Paul’s view of God is
inseparable from Jesus Christ with whom he has a mystical union. He looks at
the Cross and sees our cleansing from
sin into holiness. He walks with the risen Lord Jesus who gives us newness of life. He witnesses in his
writings how the Holy Spirit pours the love of Jesus into our hearts.
If you’ve no time to read much of Paul this week, at least try reading
Romans Chapter 8. It’s one of my own purple passages that speaks of life and
love in Jesus Christ. In verse 11 it speaks of God who gives life to (our) mortal bodies…through his Spirit that dwells in
(us). It goes on in v28 of Romans 8 to say words of supreme encouragement: all things work together for good for those
who love God. The last verse of Chapter 8 in the Message translation reads:
Absolutely nothing can get between us and
God’s love because of the way that Jesus our Master has embraced us.
The letter to the Romans and Paul’s other
twelve letters are a tonic to anyone’s Christian faith. Last week I mentioned how
the four shortest letters could be remembered using the vowel alphabet – a, e,
i, o – Galatians, Ephesians, Philippians, Colossians.
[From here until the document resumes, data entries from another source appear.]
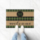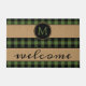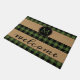 Paillasson amusant avec motif en plaid contemporain noir et vert à damiers sur arrière - plan burlap. Design rustique élégant et unique avec chambre pour customiser ou personnaliser avec votre nom de famille monogramme. Décor extérieur monogrammé original accent pour décorer la véranda ou la cour de votre maison de campagne, cabine en rondins, chalet de montagne, camp de pêche, lac ou maison de vacances en rivière.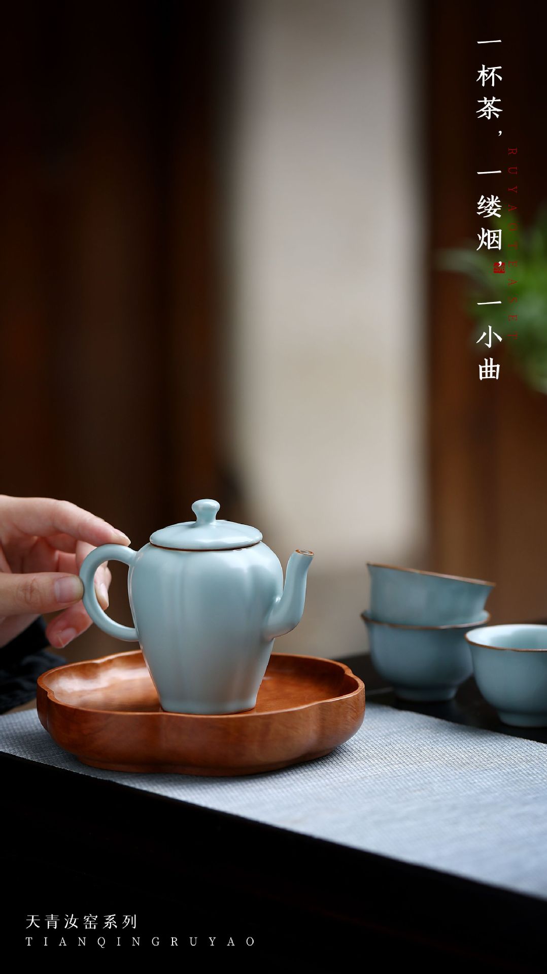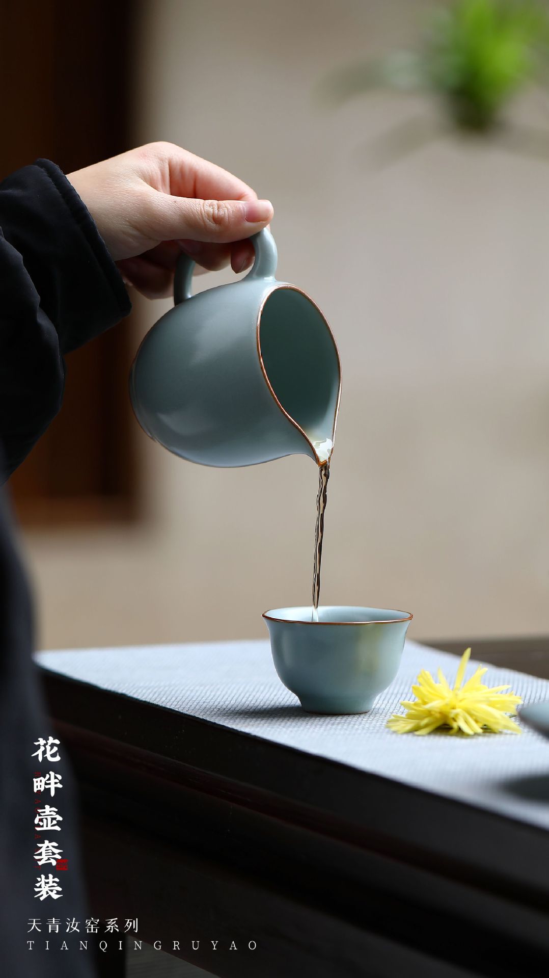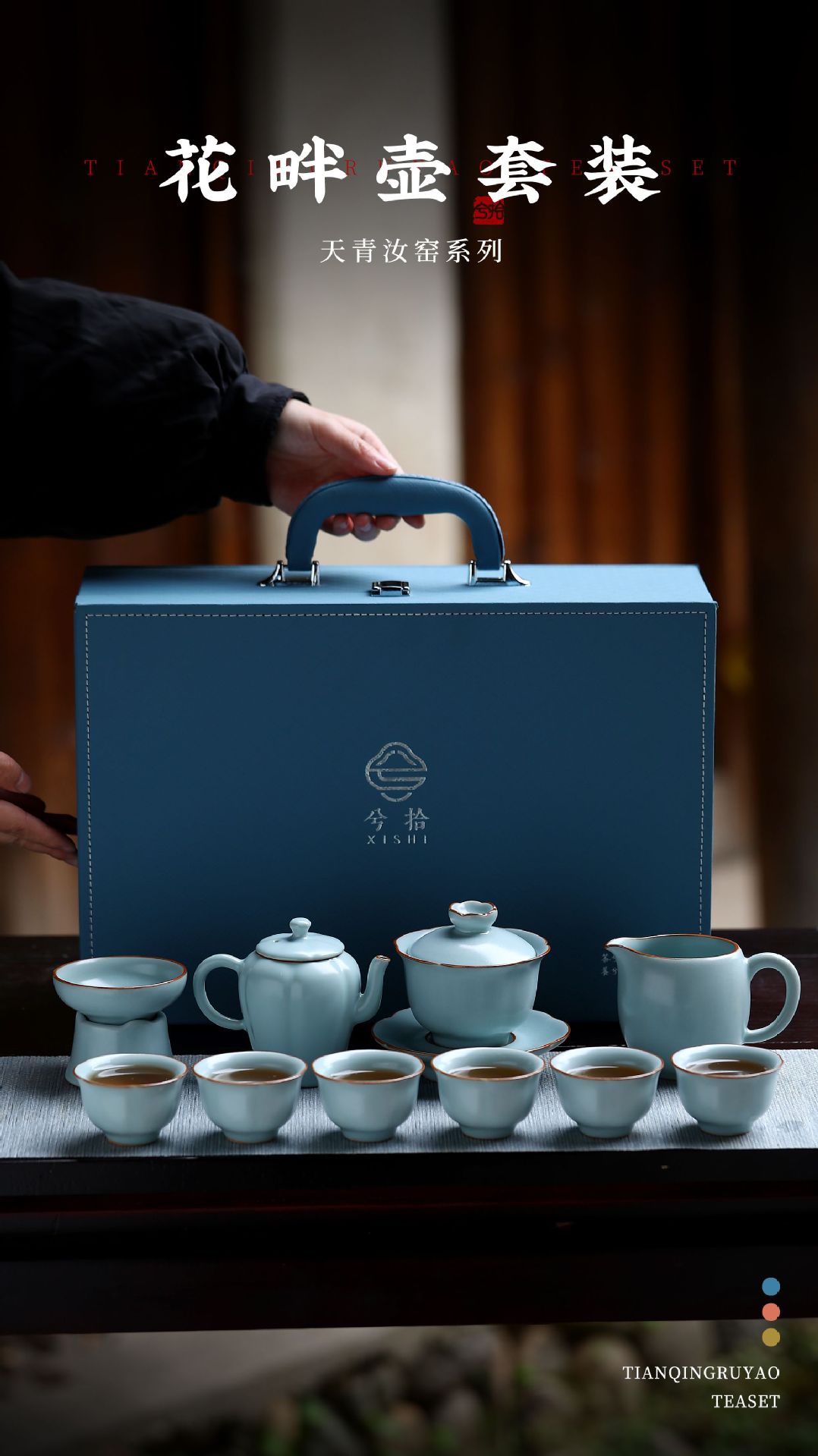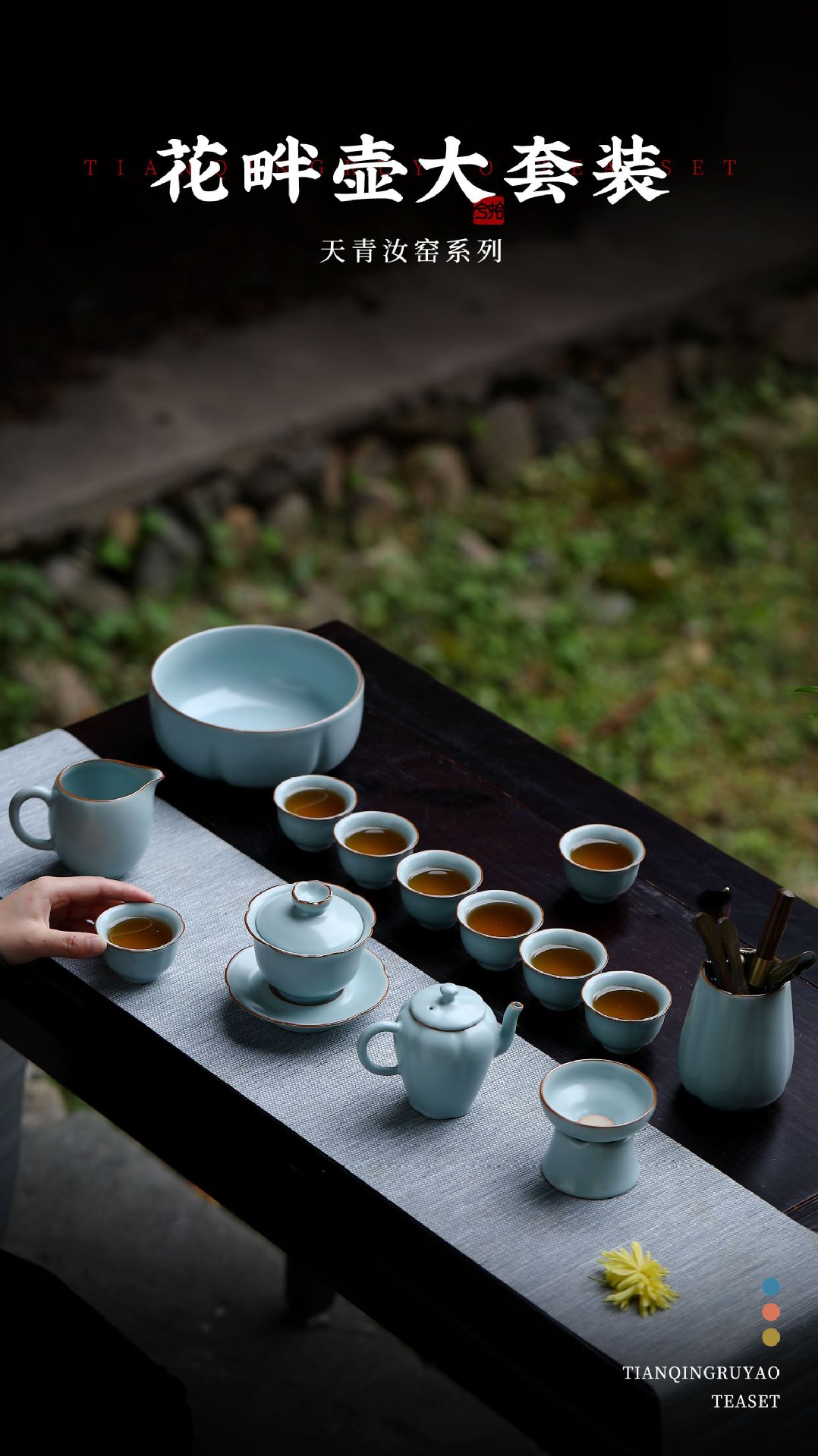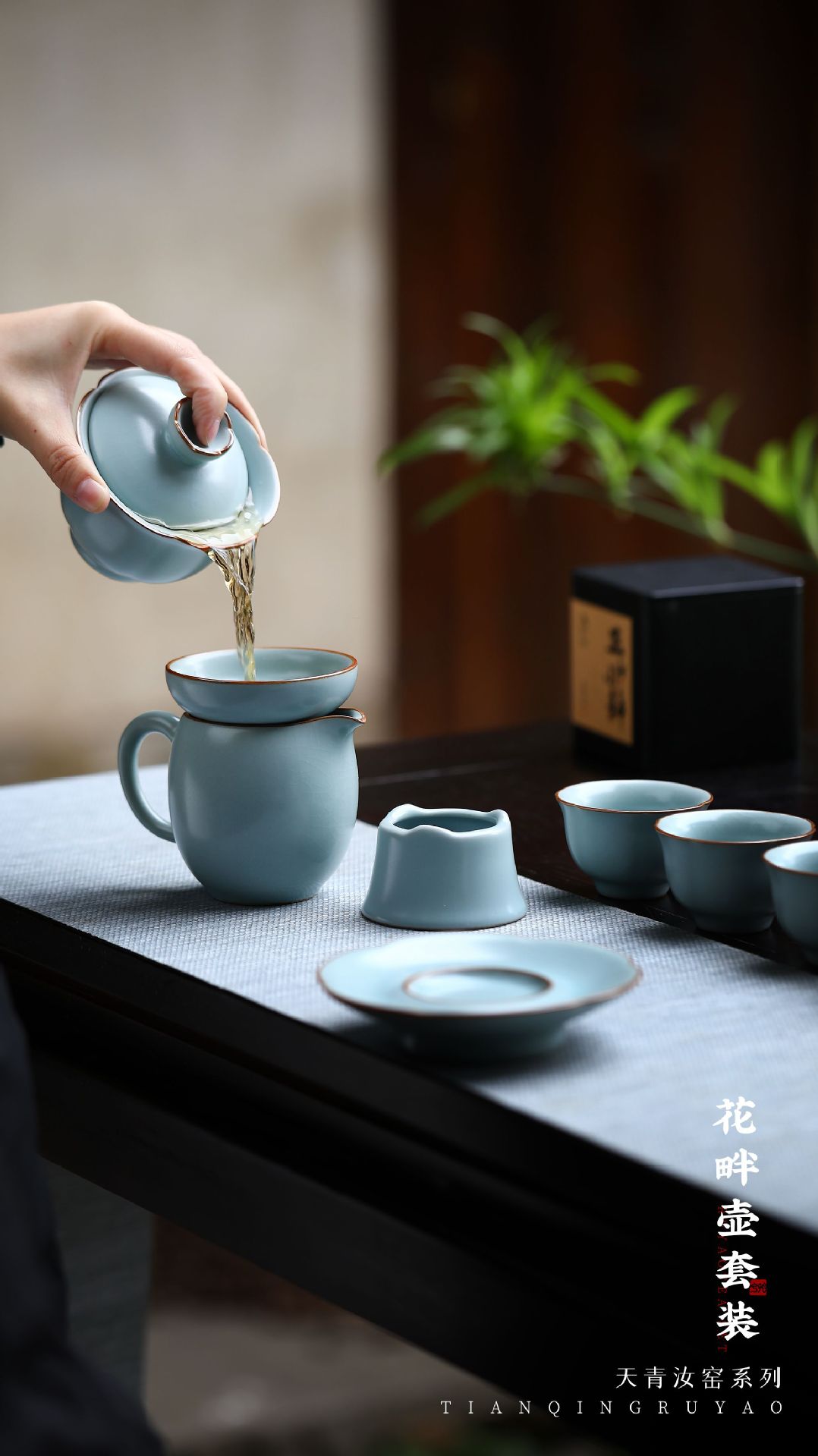 - Bộ ấm trà Kung Fu lò Thiên Thanh Ru ấm trà sứ Ru phong cách Trung Quốc gia dụng cao cấp sang trọng hộp quà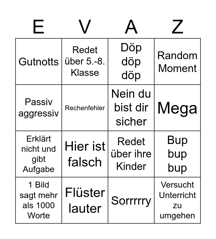 This bingo card has 16 words: Flüster lauter, Bup bup bup, Döp döp döp, Gutnotts, Erklärt nicht und gibt Aufgabe, Redet über 5.-8. Klasse, Redet über ihre Kinder, Sorrrrry, Passiv aggressiv, Rechenfehler, 1 Bild sagt mehr als 1000 Worte, Random Moment, Hier ist falsch, Mega, Nein du bist dir sicher and Versucht Unterricht zu umgehen.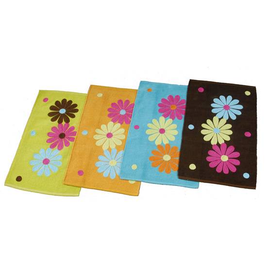 The featured items are floor mats in various colours and design. Made of cotton and chenille fabric, designed with flower pattern and embroidery. Being both decorative and practical, ideal for everyday household use.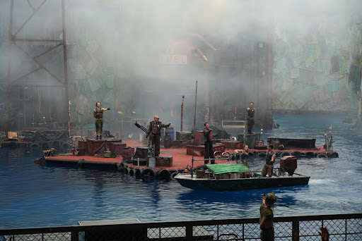 The story is a water downed (pun intended) version of the atoll invasion scene in the movie. Watching the movie helps a lot in understanding the context but otherwise just enjoy it as an action heavy stage show.
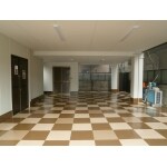 天井、壁を白く塗り替え、床は、碁盤の目に落ち着きのある二色で塗装しました。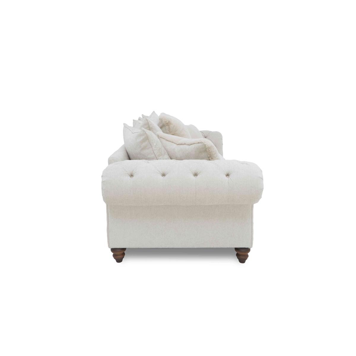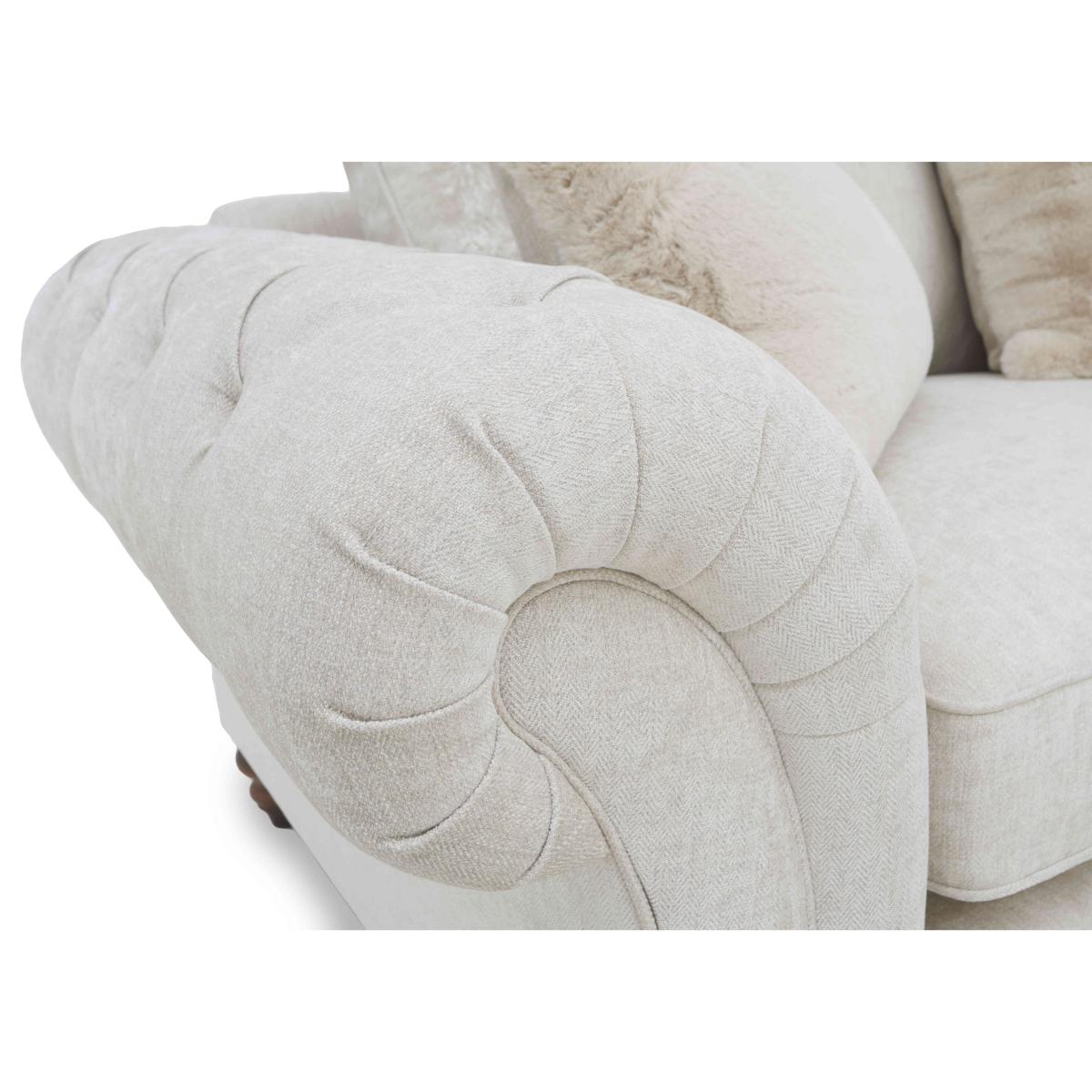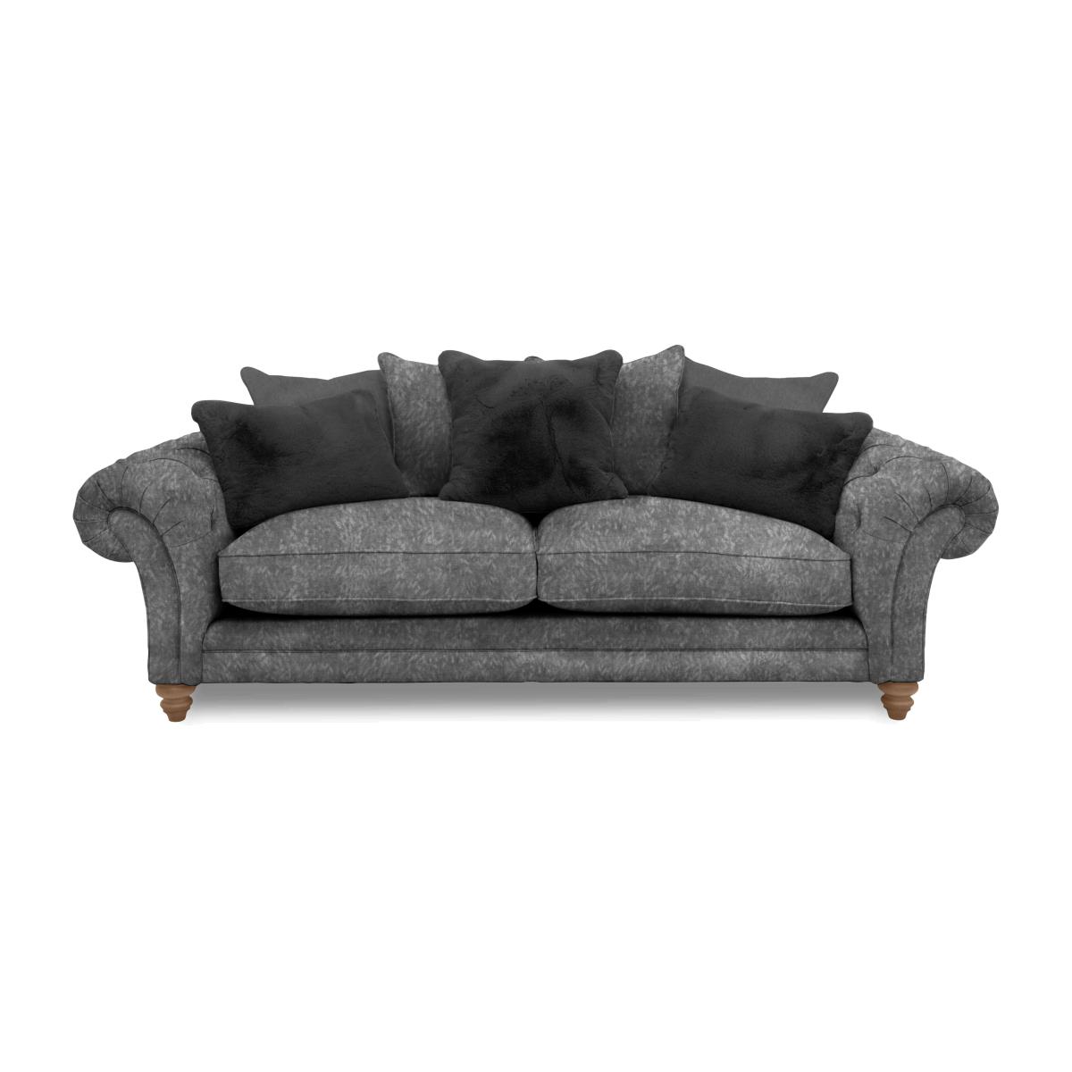 Our Boutique Blenheim collection of upholstered living room furniture is every bit as grand and gracious as the quintessentially English stately home for which it is named. You’ll find a surprising yet very gratifying combination of traditional sofa luxury – sweeping rolled arms, meticulous buttoning and turned wood legs – and contemporary sofa comfort with soft yet supportive cushioning underpinned by our five-year plumpness guarantee. This extensive range features modern feather-filled scatter back sofas, classic back sofas, armchairs and footstools in a choice of beautiful upholstery fabrics. The Boutique Blenheim collection is handcrafted in England and is exclusive to Furniture Village. This large scatter back sofa gives you so much – relaxed modern pillow back style, superb traditional sofa details and the kind of soft yet supportive cushioning that’ll keep you lounging for longer. Why you'll love it 4-seater scatter back sofa is the perfect blend of traditional and modern. Stately home glamour, contemporary comfort. Incredible seat cushions are filled with Encore foam for softness with support. Our 5-year plumpness guarantee promises that perfect sit, time after time. With reversible faux fur and fabric feather cushions – 5 square scatters and 2 bolsters. Superb traditional details – rolled arms with buttoning and turned wood legs. Choice of beautiful upholstery fabrics. Also available as a classic back sofa with coordinating accent cushions. Part of the Boutique Collection of timelessly elegant sofas and chairs. Handcrafted in England and exclusive to Furniture Village. This 4-seater scatter back sofa is part of the Boutique Blenheim range. What you need to know Medium comfort level. Seat suspension: zig zag springs. Seat cushioning: Encore foam. Seat cushions are reversible. Back suspension: elasticated webbing. Back cushioning: feather-filled scatter cushions. Rotate seat cushions regularly. Arms and feet are removable. Some fabrics can show wear on areas of more use or in direct sunlight. Flattening and shading of heavy wear areas on pile fabrics is unavoidable. Clean regularly using a soft brush or vacuum with the curtain attachment. Deal with any spills promptly. Professional cleaning advised for oil- and grease-based stains. Please read our upholstery care guide for more advice.

We’re reading Galatians on Sundays. Why not read Ephesians, full of God’s truth
and readable in 20 minutes, or Philippians, just as short and full of joy or
Colossians, again just 4 Chapters.
My
purpose this month and next is to give you a taster of Paul’s letters. You need
more than a ten minute sermon to get into Paul’s wisdom on God and once again times
up – though I’d again encourage you to put in extra time at home, pick up your
bible and let Paul speak to you himself – and God through him.